Repeat exactly the line that contains "Home affaire 2-Sitzer" and every line after it, down to the last line of the entries below. Do not include pictures.
****************************************
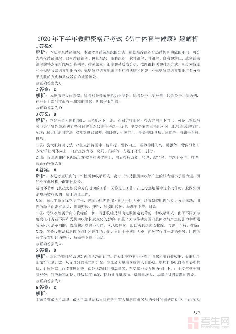 《2020年下半年教师资格证考试《初中体育与健康》题解析》是2020年下半年针对初中体育与健康学科教师资格证考试打造的配套备考资料,聚焦该次考试的相关题目内容,旨在为考生提供专业的题目解析支持。它紧密贴合2020年下半年的考试时间节点与学段学科要求,帮助考生精准对接考试的考查方向,为备考过程提供针对性的辅助资源。
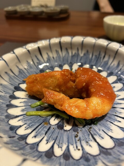 タマゴの皮に海老の餡、トマトソースがピリ辛で要するにエビチリ
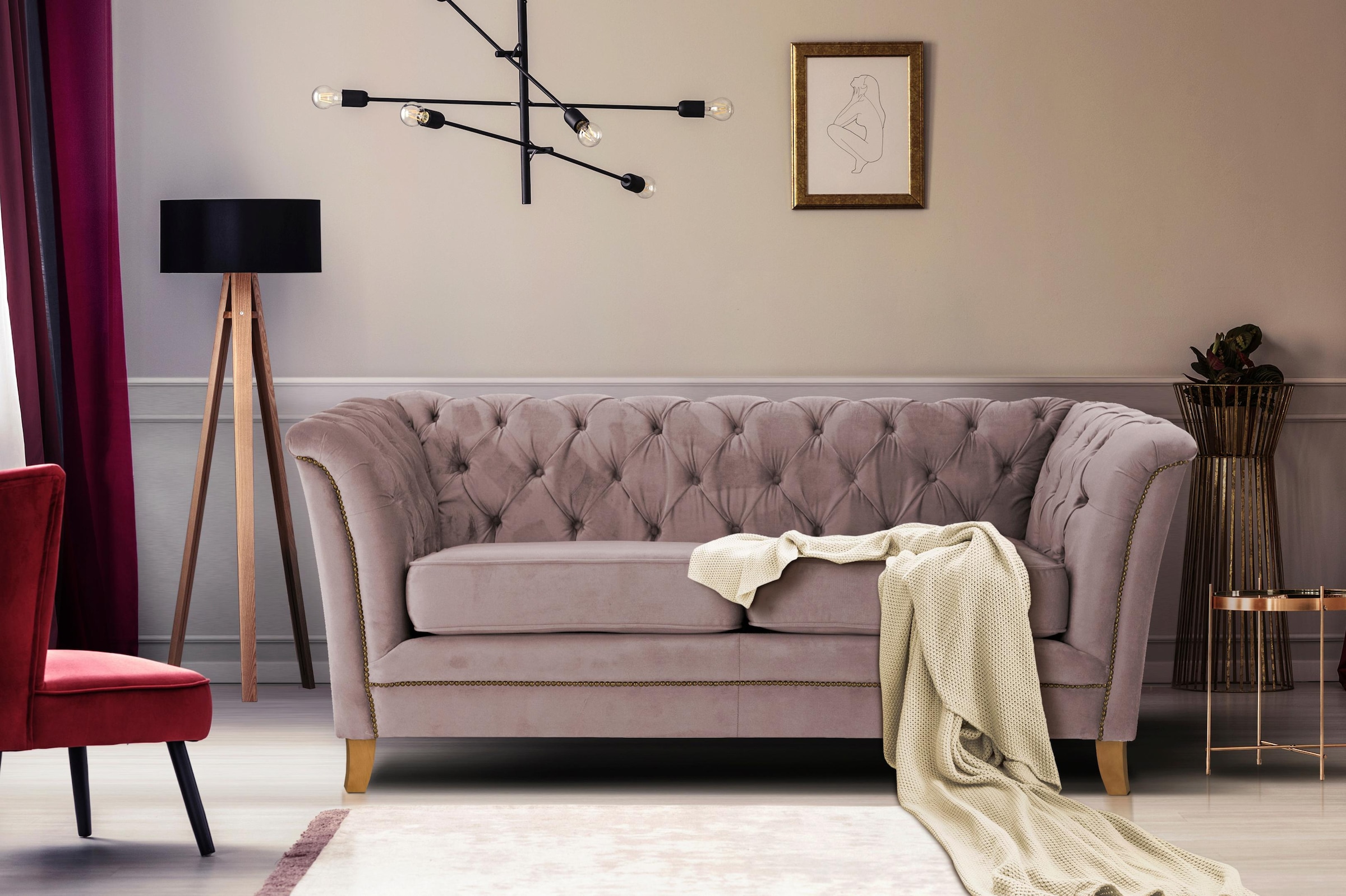Home affaire 2-Sitzer »Newport« mit Knopfheftung im Rücken, Keder und feinen Armlehnen
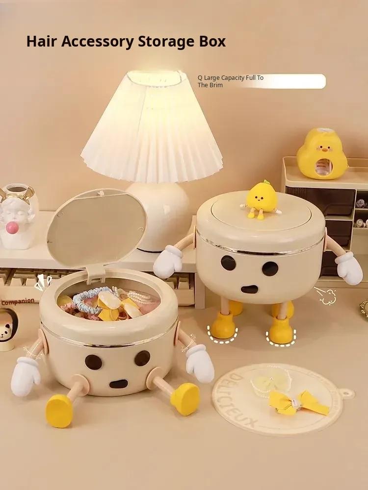 Large Capacity Hair Accessory Storage Box with Lid - Cute Cartoon Design for Kids, Perfect for Organizing Hairpins, Hair Ties, and Jewelry! Ideal Gift for Girls!
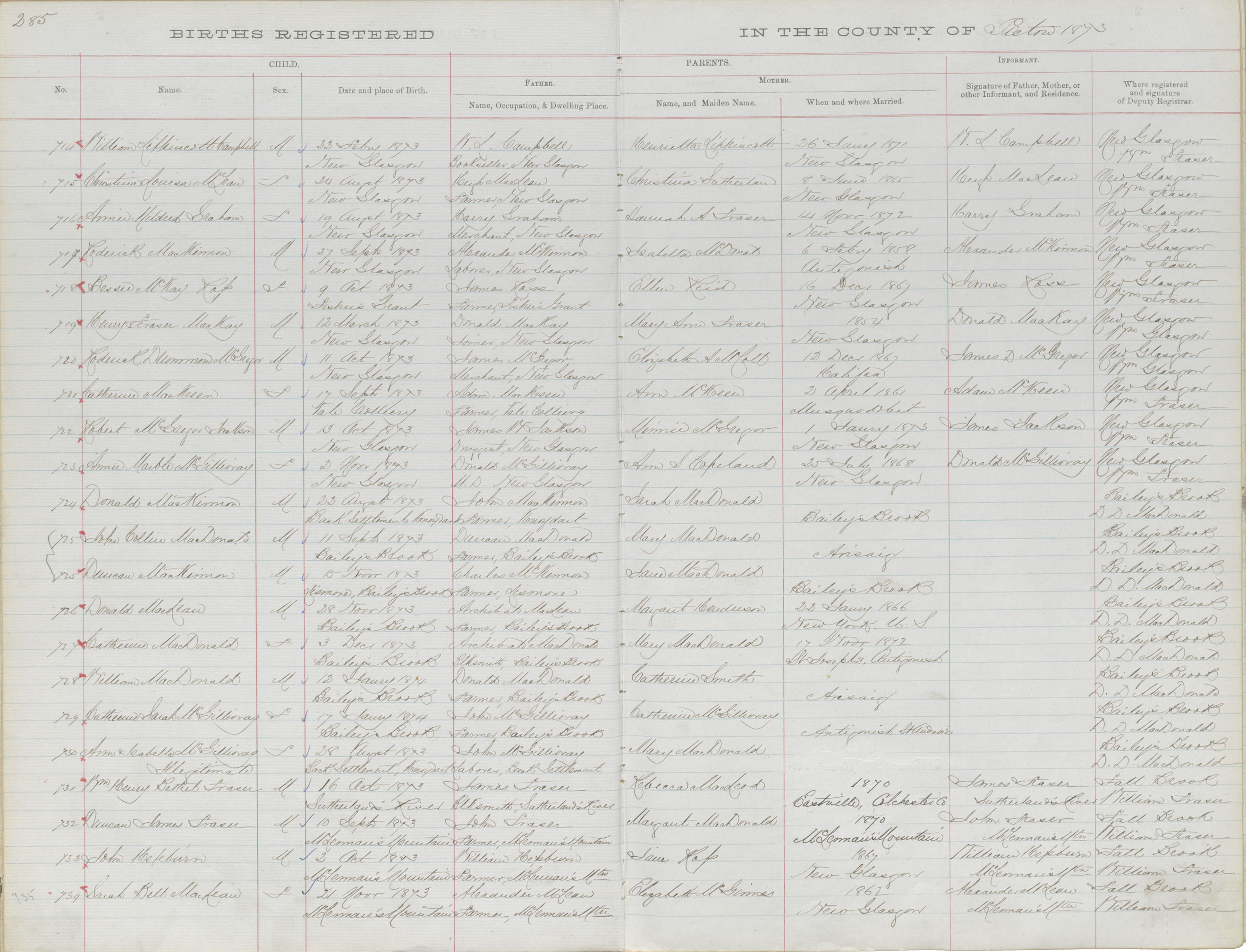 Birth Registration: Year: 1873 book: 1818 page: 285 number: 727
****************************************
**Completed task**.
Home affaire 2-Sitzer »Newport« mit Knopfheftung im Rücken, Keder und feinen Armlehnen
 Large Capacity Hair Accessory Storage Box with Lid - Cute Cartoon Design for Kids, Perfect for Organizing Hairpins, Hair Ties, and Jewelry! Ideal Gift for Girls!
 Birth Registration: Year: 1873 book: 1818 page: 285 number: 727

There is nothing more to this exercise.